* [Task requirements] In the records that follow, find the line containing "Tropical leaves |" and the line containing "Pogoń Lwów | ||||||||||||||||||||||||||", then transcribe both and every line between them exactly, omitting pictures.

* [Data listing]
=-=-=
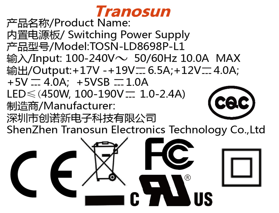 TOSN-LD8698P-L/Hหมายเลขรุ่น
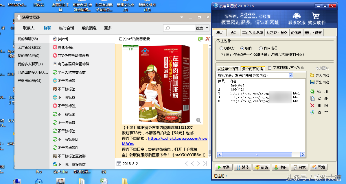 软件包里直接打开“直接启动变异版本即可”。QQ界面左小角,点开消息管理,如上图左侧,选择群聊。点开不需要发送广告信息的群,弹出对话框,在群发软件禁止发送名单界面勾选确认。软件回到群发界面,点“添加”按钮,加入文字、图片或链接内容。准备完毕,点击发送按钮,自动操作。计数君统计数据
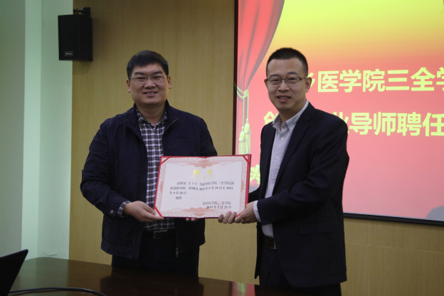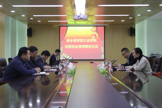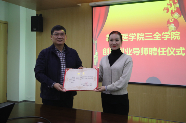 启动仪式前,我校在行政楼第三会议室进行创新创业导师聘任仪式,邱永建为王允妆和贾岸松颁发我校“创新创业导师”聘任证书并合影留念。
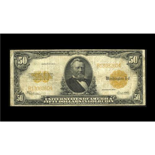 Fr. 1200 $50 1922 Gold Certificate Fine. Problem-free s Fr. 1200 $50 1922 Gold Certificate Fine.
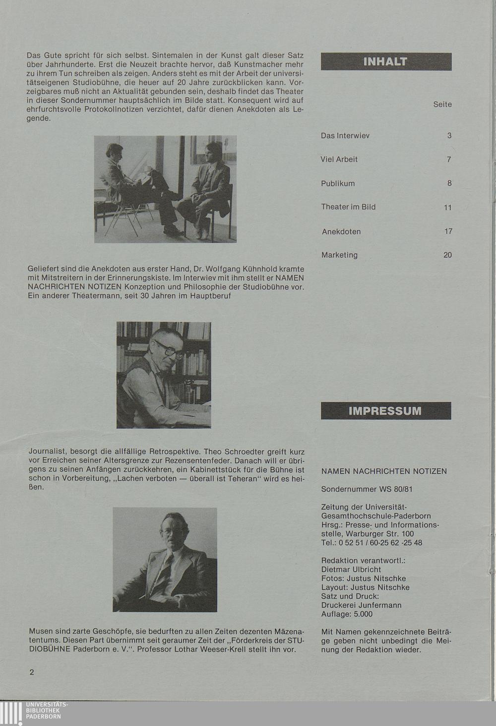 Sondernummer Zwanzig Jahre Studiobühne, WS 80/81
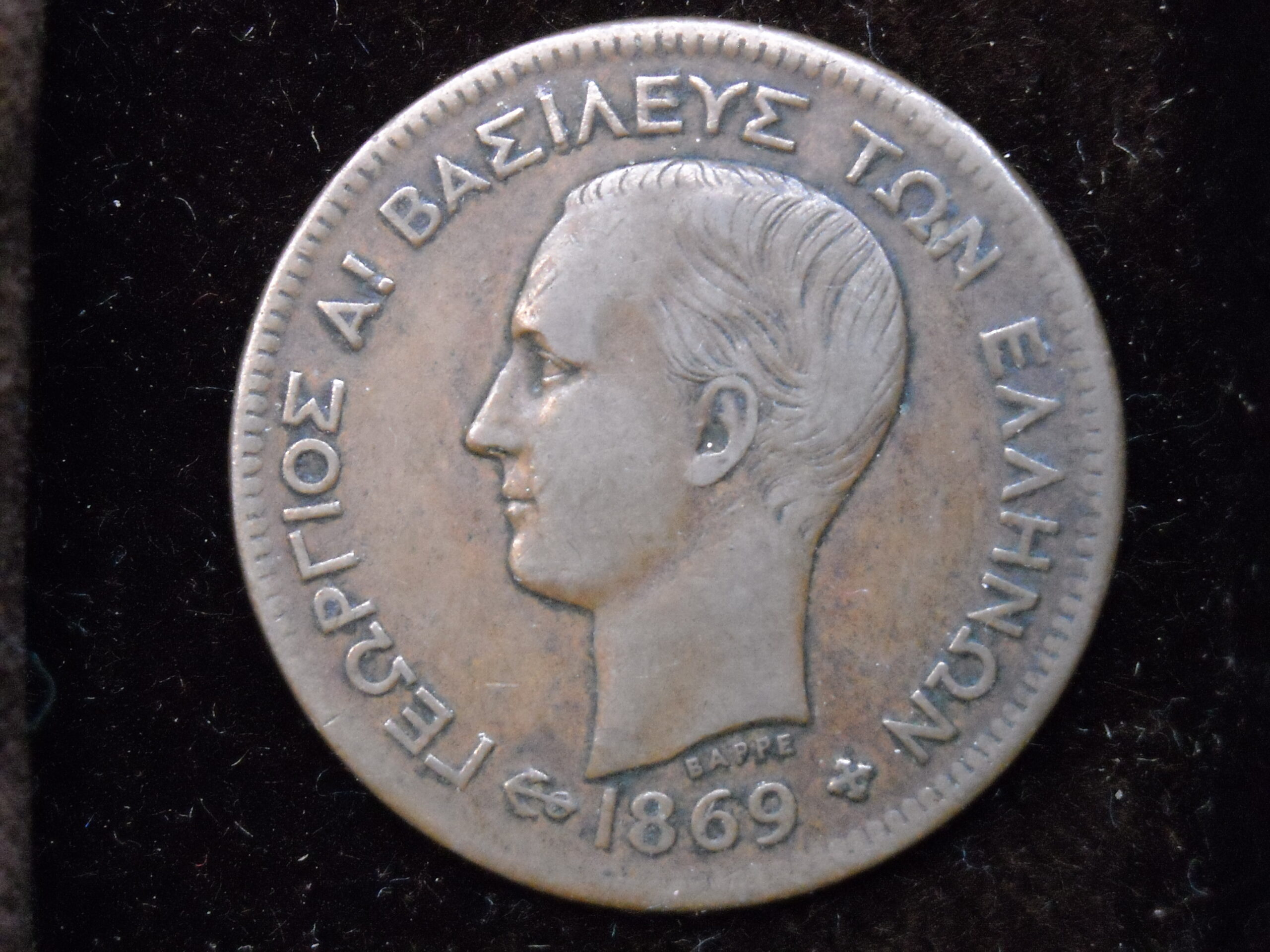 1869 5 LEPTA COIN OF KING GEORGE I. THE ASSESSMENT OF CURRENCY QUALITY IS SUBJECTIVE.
=-=-=
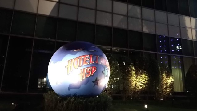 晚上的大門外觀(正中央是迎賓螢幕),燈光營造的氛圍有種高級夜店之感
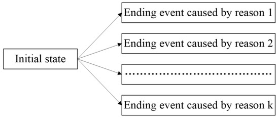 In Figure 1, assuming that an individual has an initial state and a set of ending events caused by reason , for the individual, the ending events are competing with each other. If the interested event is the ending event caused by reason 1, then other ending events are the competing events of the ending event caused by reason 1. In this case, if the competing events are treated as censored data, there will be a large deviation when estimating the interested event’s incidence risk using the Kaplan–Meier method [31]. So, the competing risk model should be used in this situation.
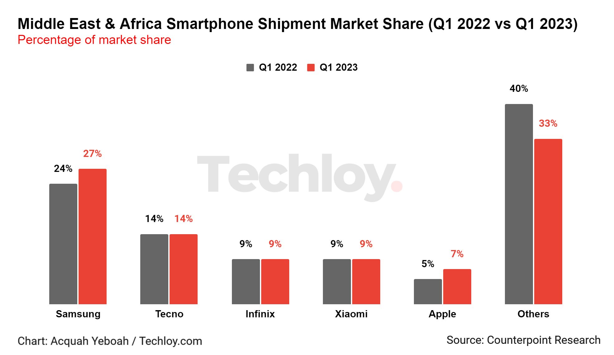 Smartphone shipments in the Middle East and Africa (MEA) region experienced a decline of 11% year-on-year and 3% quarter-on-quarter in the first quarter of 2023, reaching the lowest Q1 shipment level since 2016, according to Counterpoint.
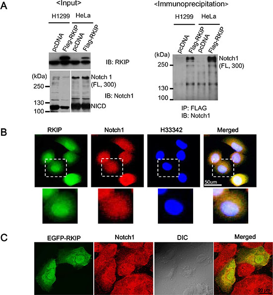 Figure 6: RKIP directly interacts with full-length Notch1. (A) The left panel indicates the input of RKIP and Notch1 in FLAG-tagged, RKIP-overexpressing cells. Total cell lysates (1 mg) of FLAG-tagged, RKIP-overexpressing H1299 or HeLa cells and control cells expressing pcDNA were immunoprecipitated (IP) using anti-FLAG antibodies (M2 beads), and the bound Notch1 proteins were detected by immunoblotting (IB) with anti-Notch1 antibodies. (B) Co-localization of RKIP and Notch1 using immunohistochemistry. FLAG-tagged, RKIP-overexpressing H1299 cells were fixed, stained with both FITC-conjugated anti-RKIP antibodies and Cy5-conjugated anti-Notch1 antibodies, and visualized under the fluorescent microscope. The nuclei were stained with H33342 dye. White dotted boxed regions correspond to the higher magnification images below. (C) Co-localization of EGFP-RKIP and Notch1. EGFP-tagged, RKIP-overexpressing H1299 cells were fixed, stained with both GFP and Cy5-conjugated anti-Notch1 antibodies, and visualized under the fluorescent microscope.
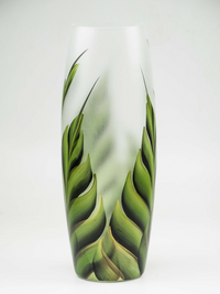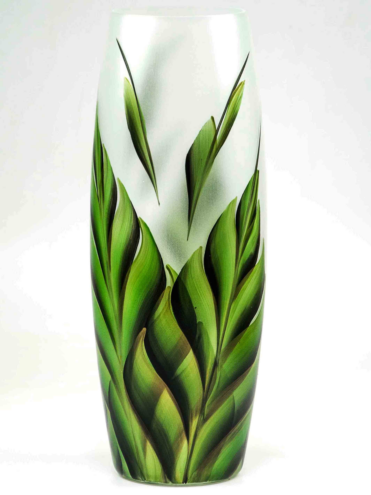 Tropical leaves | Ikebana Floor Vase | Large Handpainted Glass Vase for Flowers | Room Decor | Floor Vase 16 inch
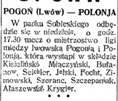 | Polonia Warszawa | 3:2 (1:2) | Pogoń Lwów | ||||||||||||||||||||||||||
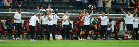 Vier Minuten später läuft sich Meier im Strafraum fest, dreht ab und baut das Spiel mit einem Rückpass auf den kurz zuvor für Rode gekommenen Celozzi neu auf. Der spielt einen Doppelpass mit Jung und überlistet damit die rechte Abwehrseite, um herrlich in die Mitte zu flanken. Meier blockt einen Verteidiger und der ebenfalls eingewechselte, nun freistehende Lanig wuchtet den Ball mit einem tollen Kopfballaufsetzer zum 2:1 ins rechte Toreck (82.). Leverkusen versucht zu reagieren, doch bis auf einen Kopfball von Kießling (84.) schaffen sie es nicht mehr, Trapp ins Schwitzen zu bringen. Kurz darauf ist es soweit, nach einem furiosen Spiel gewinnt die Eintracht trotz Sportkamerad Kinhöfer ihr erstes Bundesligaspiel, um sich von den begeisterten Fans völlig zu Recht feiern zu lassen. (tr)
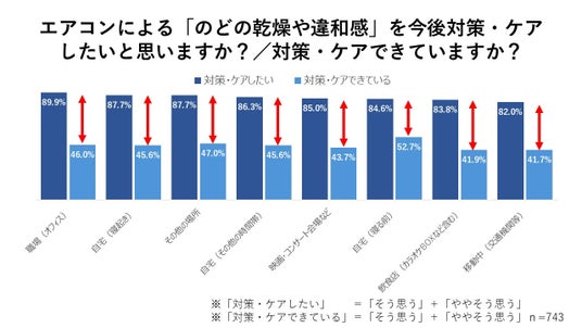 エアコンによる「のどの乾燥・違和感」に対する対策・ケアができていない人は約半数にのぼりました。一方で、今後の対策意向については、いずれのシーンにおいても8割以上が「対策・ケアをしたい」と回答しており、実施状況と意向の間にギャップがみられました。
=-=-=
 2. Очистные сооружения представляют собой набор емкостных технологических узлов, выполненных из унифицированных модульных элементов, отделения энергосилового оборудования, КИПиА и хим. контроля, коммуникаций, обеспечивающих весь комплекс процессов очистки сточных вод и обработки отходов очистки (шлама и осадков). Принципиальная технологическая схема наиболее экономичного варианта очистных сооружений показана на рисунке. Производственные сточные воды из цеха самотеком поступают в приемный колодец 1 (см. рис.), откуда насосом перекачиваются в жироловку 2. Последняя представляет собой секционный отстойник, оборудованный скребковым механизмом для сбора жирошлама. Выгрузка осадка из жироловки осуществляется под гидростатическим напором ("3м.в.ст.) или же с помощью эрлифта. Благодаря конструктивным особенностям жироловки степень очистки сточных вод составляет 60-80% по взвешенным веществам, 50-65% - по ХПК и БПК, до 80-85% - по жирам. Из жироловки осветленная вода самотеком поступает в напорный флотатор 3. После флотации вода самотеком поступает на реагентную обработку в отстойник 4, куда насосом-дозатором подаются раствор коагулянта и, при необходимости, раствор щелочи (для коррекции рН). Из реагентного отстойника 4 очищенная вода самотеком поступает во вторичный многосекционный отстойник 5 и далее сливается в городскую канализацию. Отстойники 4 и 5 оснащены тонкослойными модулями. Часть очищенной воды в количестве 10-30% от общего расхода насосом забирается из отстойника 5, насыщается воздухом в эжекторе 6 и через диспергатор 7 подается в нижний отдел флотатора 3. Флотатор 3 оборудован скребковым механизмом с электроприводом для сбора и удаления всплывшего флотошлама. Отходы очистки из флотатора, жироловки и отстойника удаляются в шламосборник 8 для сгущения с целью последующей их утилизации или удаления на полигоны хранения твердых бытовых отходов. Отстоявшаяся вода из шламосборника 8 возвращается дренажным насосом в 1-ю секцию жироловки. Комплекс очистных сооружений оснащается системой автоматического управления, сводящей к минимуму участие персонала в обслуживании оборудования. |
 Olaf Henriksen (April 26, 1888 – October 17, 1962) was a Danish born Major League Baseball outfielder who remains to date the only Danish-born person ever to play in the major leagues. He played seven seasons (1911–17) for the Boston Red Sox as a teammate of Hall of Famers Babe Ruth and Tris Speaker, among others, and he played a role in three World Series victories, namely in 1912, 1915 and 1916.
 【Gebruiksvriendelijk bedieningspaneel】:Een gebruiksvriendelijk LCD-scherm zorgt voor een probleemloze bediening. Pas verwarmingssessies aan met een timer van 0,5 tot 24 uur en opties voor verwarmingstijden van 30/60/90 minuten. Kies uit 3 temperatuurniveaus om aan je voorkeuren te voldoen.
=-=-=
* [Written reply]
 Tropical leaves | Ikebana Floor Vase | Large Handpainted Glass Vase for Flowers | Room Decor | Floor Vase 16 inch
 | Polonia Warszawa | 3:2 (1:2) | Pogoń Lwów | ||||||||||||||||||||||||||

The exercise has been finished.